A skeleton reading a newspaper.

Have you ever woken up one morning, hoping for a good day, only to be confronted by forces beyond your control, who are allegedly eager to turn your smile upside down? Have you ever looked up the news of today, hoping to be informed of one or two positive, encouraging messages, only to be bombarded by a series of depressing, pessimistic news one after the other, with no hope of anything different the next day, or the day after that?

I don't know how it is for others worldwide, but I can say that for me, this has been most of my life, perhaps as a result of my (former) sensitivity and the grim reality of Israel, where anything rarely seems to work out, where there is always fault at least in one person or organization.

All you, can do at times, is either sit and endure the suffering, or "think positively" in a world that is arguably far from positive, at least in the eyes of this sensitive person. Or, of course, in many, many issues, from living expanse, political instability, and so on. Flaws and problems are usually not seen as opportunities for growth, let alone something to be proud of, but as concepts that could easily cripple one's spirits.

All of this can be described as the "Not-Okay Paradigm", AKA, the helpless belief that reality is, by definition, a pessimistic place of some sort—cold, alienating, repressing, faulty, and so forth—whereas positivity, on the other hand, is something that we ought to actively pursue, not something that already exists to the "naked" eye.

Positivity/happiness can be seen as fleeting. Many of you might know this much. A concept that isn't easy to both attain and recreate once more once its lost. Such is the reality of beings, such as myself, that either naturally or actively pursue focusing on what is not okay, rather on what's okay.

To make philosophy more relevant, it is imperative that I focus specifically on what's not okay, in order to shed some of my insights on the subjects I cover. Hopefully I would be able to solve them as well, from a logical standpoint. However, please note that I do it on purpose, and do not mind being largely a pessimist. Emotions do not matter to me as much as they used to be, and I lost much of them regardless. I am not to be seen as similar to those who are involuntarily pessimist, and actively want to be happy.

The reason I like to be alone so much and to write about it is that people don't seem to care about the personal aspect of a person; about their feelings, about their honest opinions. It is always about the whatever task at hand, while the person is merely a representative of something else as in the case of salarymen, and not an entity by itself. The personal aspect at large seems either unwanted or even despised, as long as it deviates from the norms, as in the case of racism or people who are merely seen as arrogant.

This in theory show how anti-social our civilization has become -- We don't care about your feelings, about whether you're okay or not -- as long as you do what WE want in the way and form WE wish you to do, you will be either praised or left alone unbothered by our harrasement. This makes people stressed to conform and follow the orthodox ways of society.

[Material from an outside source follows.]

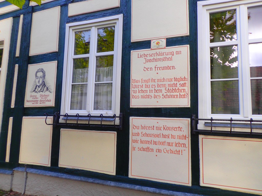 Eine kurze Pause, dann rolle ich über die Kuppe zur Schinkelkirche von Joachimsthal hinunter. Jedem, der hier vorbeikommt, sei ein kleiner Bogen am alten Gymnasium vorbei empfohlen. Dieser Ort atmet Geschichte!

All of this brings me to the question I've been asking for many years: why should one love or at least want to be in the External World, while it can be so eager not only to tell them that they are not okay, but also rarely considers that the the individual is a human being with emotions, desires, a voice to be heard? I also have similar questions of that kind.

Slowly I became dead inside just to survive in such a harsh world better.

For many, we are but units that are labeled under different categories, and almost nothing beyond that. The personal aspect is cringe; the distress, annoying; the emotionality, uncalled for; and the sensitivity, laughable.

Rare seem to be the people who look at the person as more than a unit of a certain functionality and a certain competence to fulfilling it. Not as a doer, but as a being that exists beyond the sum of their deeds. The people who are actually interested in the personal wellbeing of a person even if they are not their friends -- strangers, even; the commenters who consider the possibility that their comment can cause more harm than good, with the obvious potential to reduce it; and the list goes on.

Contrary to popular belief, humanity does not appear to be an inherent trait within every person, even though its very name assumes it is.

I don't mind anymore to live in the paradigm/world view that says that the world is by nature not okay. I used to want to live in an okay world, even if far from perfect, where I would feel serene if not happy; A world of color that has a sense of general positivity; a world where someone's suicide would actually matter and not be ignored as a common detail that regularly occurs like the weather.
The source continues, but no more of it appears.